PROBLEM DESCRIPTION:
Your reply should contain the whole listing below, repeated exactly, and no images.

THE RECORDS:
···

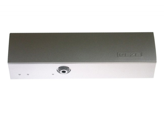 Surface oor closer of GEZE. Suitable for both right and left doors. Installation on the hinge side or opposite to the hinge. It has the additional function of damping opening.
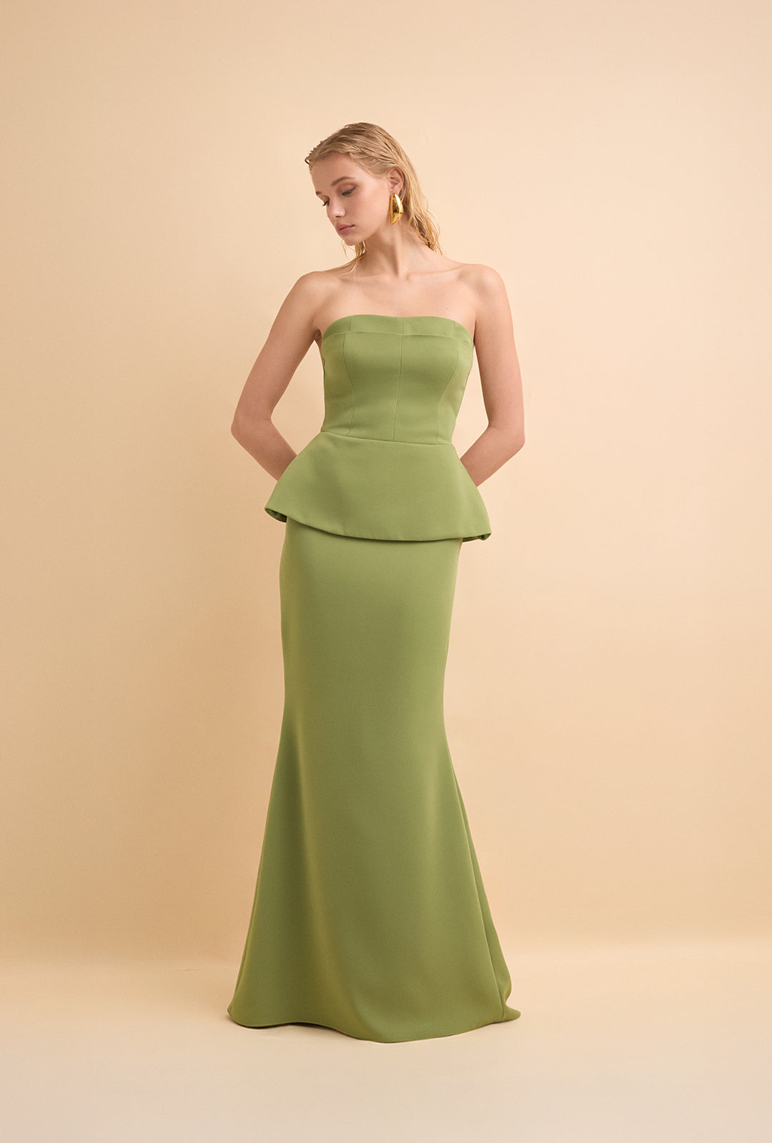 Falling to a refined full length, it’s the perfect piece to pair with heels for weddings, evening events, or sophisticated celebrations.
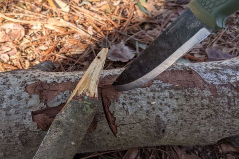 It’s also well suited to finer carving, chipping, shaving and making feather sticks. The spine of the blade is sharply squared off at 90 degrees, and I found it perfect for shaving tinder from dry wood. The spine also sparks nicely when struck with a Ferro rod, so this is a solid knife if you plan on using it as part of your fire starter kit.
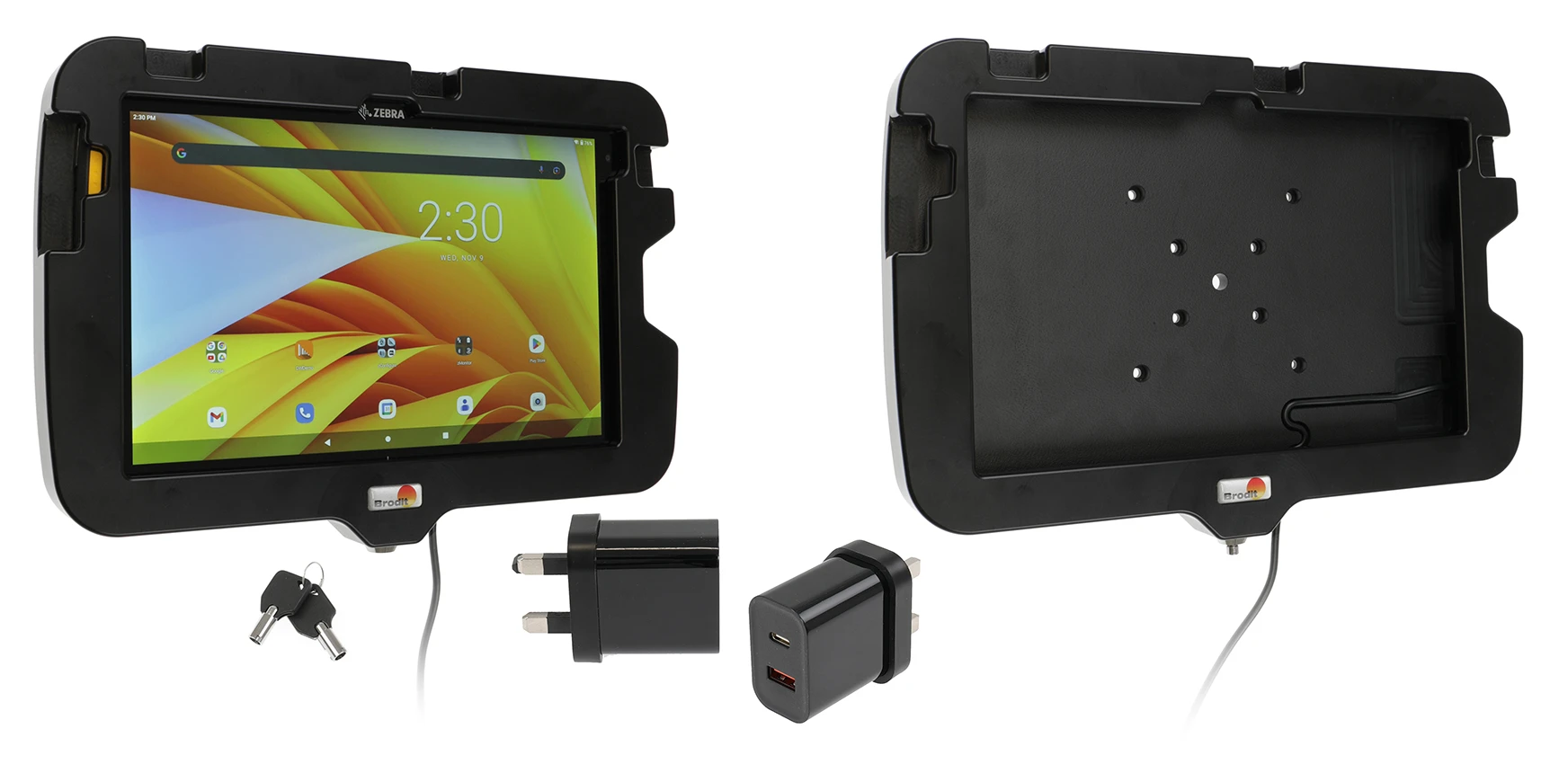 This holder is to be used when you want to secure your tablet and still have it easy accessable. The holder is also perfect for use in stores, at exhibitions and any place where you want to use your tablet without having it easy removable. The holder is made of extra strong plastic and is equipped with a lock. In order to remove the tablet from the holder you need the key, two keys are included. The holder also includes a power cable and a wall adapter to keep the device always charged and ready for a new work shift.
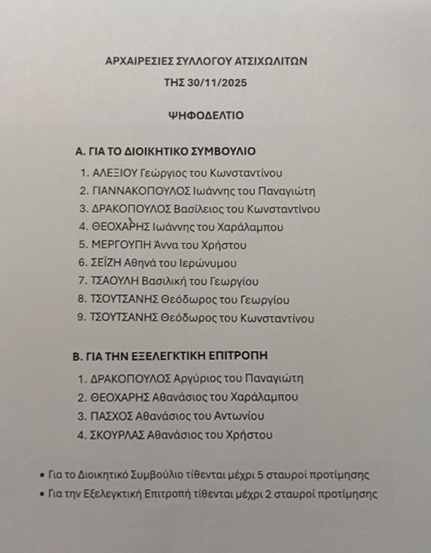 Στις αρχαιρεσίες για την ανάδειξη της νέας Διοίκησης του Συλλόγου δικαίωμα του εκλέγειν και εκλέγεσθαι (βλ. ψηφοδέλτιο) έχουν όλοι και όλες που έχουν συμπληρώσει το 18ο έτος της ηλικίας τους και είναι ταμειακώς εντάξει. Στους ανωτέρω συγκαταλέγονται:

···

RESPONSE BELOW:
 Surface oor closer of GEZE. Suitable for both right and left doors. Installation on the hinge side or opposite to the hinge. It has the additional function of damping opening.
 Falling to a refined full length, it’s the perfect piece to pair with heels for weddings, evening events, or sophisticated celebrations.
 It’s also well suited to finer carving, chipping, shaving and making feather sticks. The spine of the blade is sharply squared off at 90 degrees, and I found it perfect for shaving tinder from dry wood. The spine also sparks nicely when struck with a Ferro rod, so this is a solid knife if you plan on using it as part of your fire starter kit.
 This holder is to be used when you want to secure your tablet and still have it easy accessable. The holder is also perfect for use in stores, at exhibitions and any place where you want to use your tablet without having it easy removable. The holder is made of extra strong plastic and is equipped with a lock. In order to remove the tablet from the holder you need the key, two keys are included. The holder also includes a power cable and a wall adapter to keep the device always charged and ready for a new work shift.
 Στις αρχαιρεσίες για την ανάδειξη της νέας Διοίκησης του Συλλόγου δικαίωμα του εκλέγειν και εκλέγεσθαι (βλ. ψηφοδέλτιο) έχουν όλοι και όλες που έχουν συμπληρώσει το 18ο έτος της ηλικίας τους και είναι ταμειακώς εντάξει. Στους ανωτέρω συγκαταλέγονται:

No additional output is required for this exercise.